Offshore yuan dropped roughly 0.3% on the news to 7.2730 per dollar, its lowest since July 30, while onshore yuan also fell after the market opening.

“The directional impact is clear for the yuan – weaker – but Chinese authorities will be nervous about devaluing too much and encouraging outflows,” said Ben Bennett, head of investment strategy for Asia at LGIM.

Prior to the market opening, the People’s Bank of China (PBOC) set the midpoint rate, around which the yuan is allowed to trade in a 2% band, at 7.1910 per dollar, which was 450 pips firmer than the Reuters’ estimate.

The effectiveness of the fixing as a tool to manage yuan depreciation expectations is limited, said analysts at Nomura in a note.

“We believe that, if onshore spot USD/CNY rises above the 7.30 level, market activity will shift where USD demand strengthens versus sellers,” the Nomura analysts said, adding that this will present a challenge to authorities if they don’t allow the yuan fixing to get weaker.

Nomura suggested to go long dollar against the offshore yuan.

The spot yuan opened at 7.2524 per dollar and was last trading 105 pips lower than the previous late session close at 7.2553 as of 0239 GMT.

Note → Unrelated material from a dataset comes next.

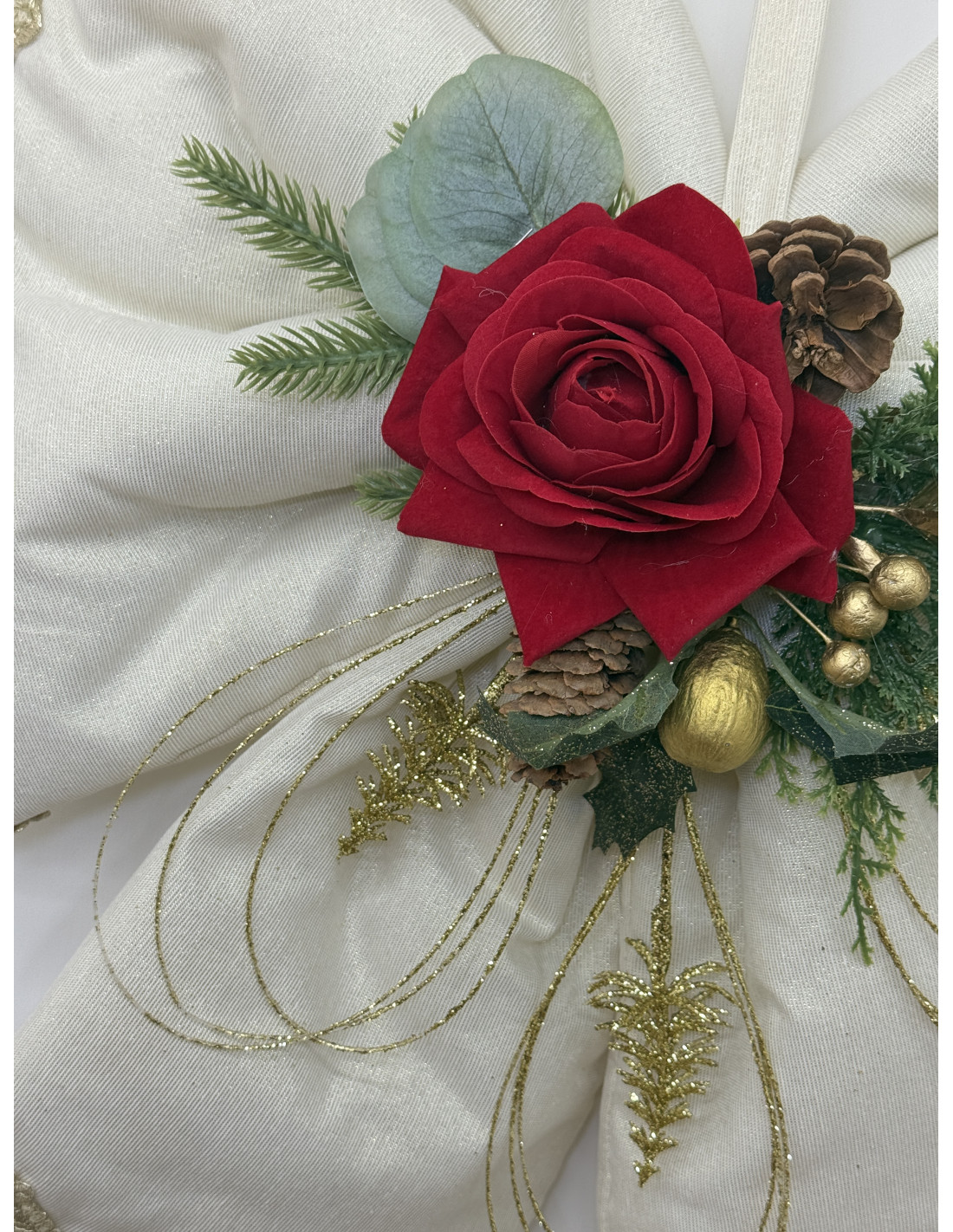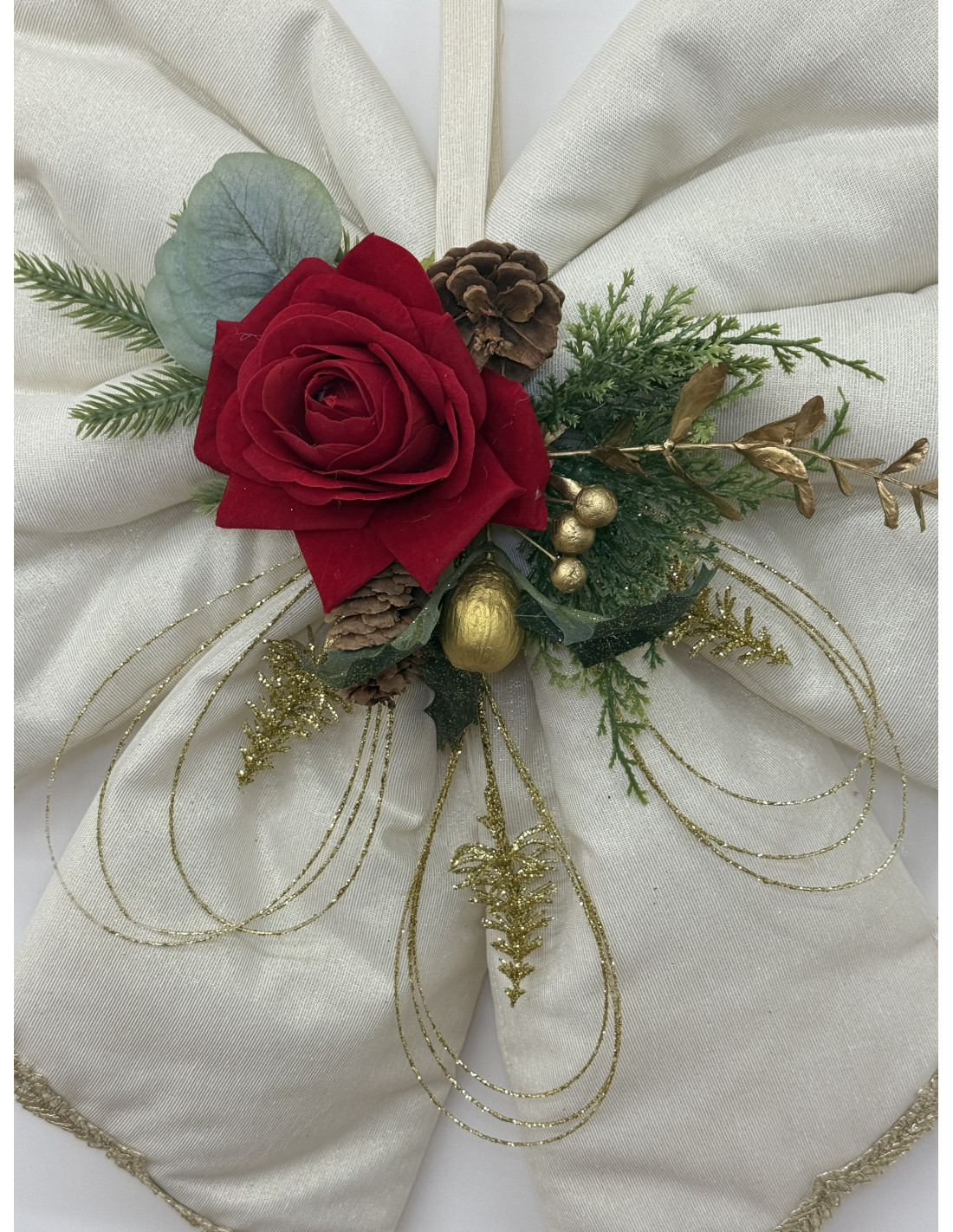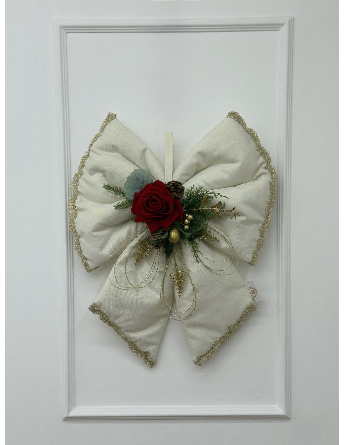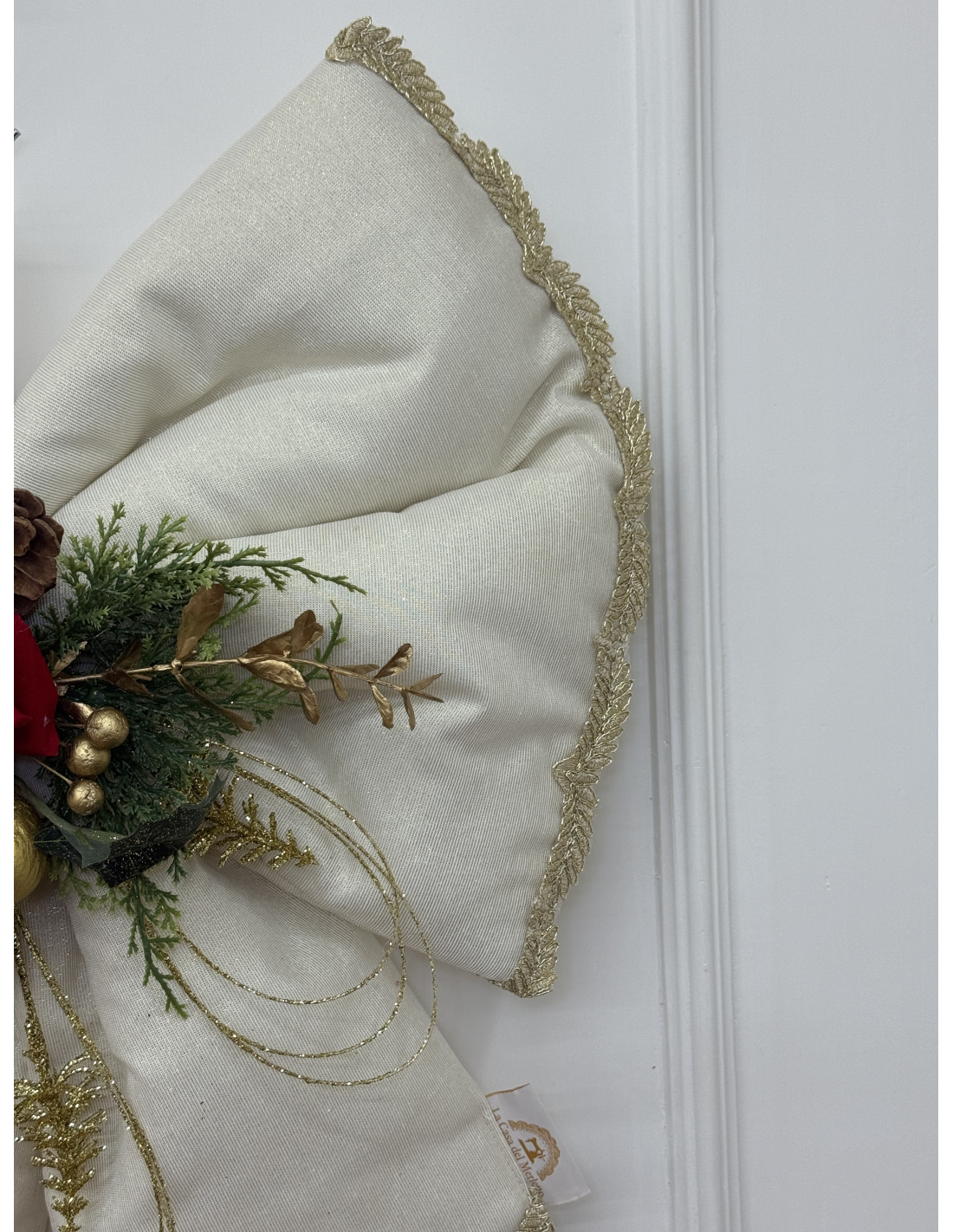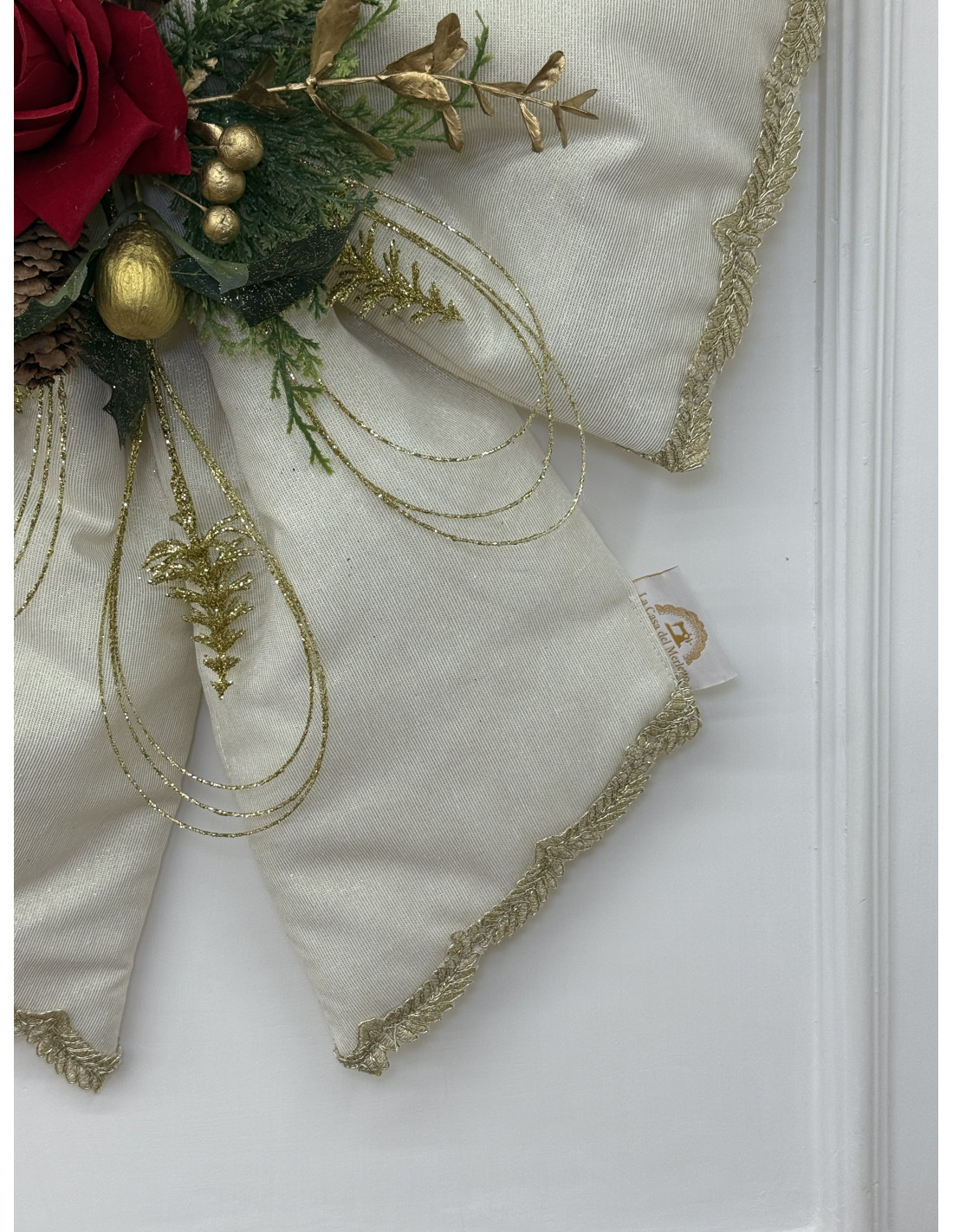 Fiocco natalizio realizzato in preziosa stoffa Lurex con decorazioni natalizie luminose.

China’s yuan consolidates near 3-1/2-month low as investors await Trump policy clues

Actual tariff announcements and negotiations will drive the yuan in coming quarters, said Liang Ding, an analyst at research firm Macro Hive.

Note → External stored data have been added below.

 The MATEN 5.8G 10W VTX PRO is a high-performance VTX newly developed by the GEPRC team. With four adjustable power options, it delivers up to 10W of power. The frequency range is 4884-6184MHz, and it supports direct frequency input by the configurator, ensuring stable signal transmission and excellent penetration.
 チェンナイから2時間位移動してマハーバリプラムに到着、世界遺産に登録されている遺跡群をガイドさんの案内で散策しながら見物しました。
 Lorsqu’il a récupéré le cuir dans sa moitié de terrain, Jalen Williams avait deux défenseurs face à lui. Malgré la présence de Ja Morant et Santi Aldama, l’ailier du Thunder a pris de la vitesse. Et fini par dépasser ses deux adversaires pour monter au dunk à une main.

“Given the ‘promise made, promise kept’ rhetoric of the Trump campaign, markets may begin to price in additional risk premia related to the second trade war as Trump’s inauguration approaches,” Ding said.

During Trump’s first term as president, the yuan weakened about 5% against the dollar after the initial round of US tariffs on Chinese goods in 2018, and fell another 1.5% a year later when trade tensions escalated.

As part of his pitch to boost American manufacturing during the recent election campaign, Trump said he would impose tariffs of 60% or more on goods from China.

The proposed tariffs, as well as other policies such as tax cuts, are seen as inflationary and likely to keep US interest rates relatively high, hurting currencies of US trading partners.

The dollar’s six-currency index was 0.075% lower at 107.27.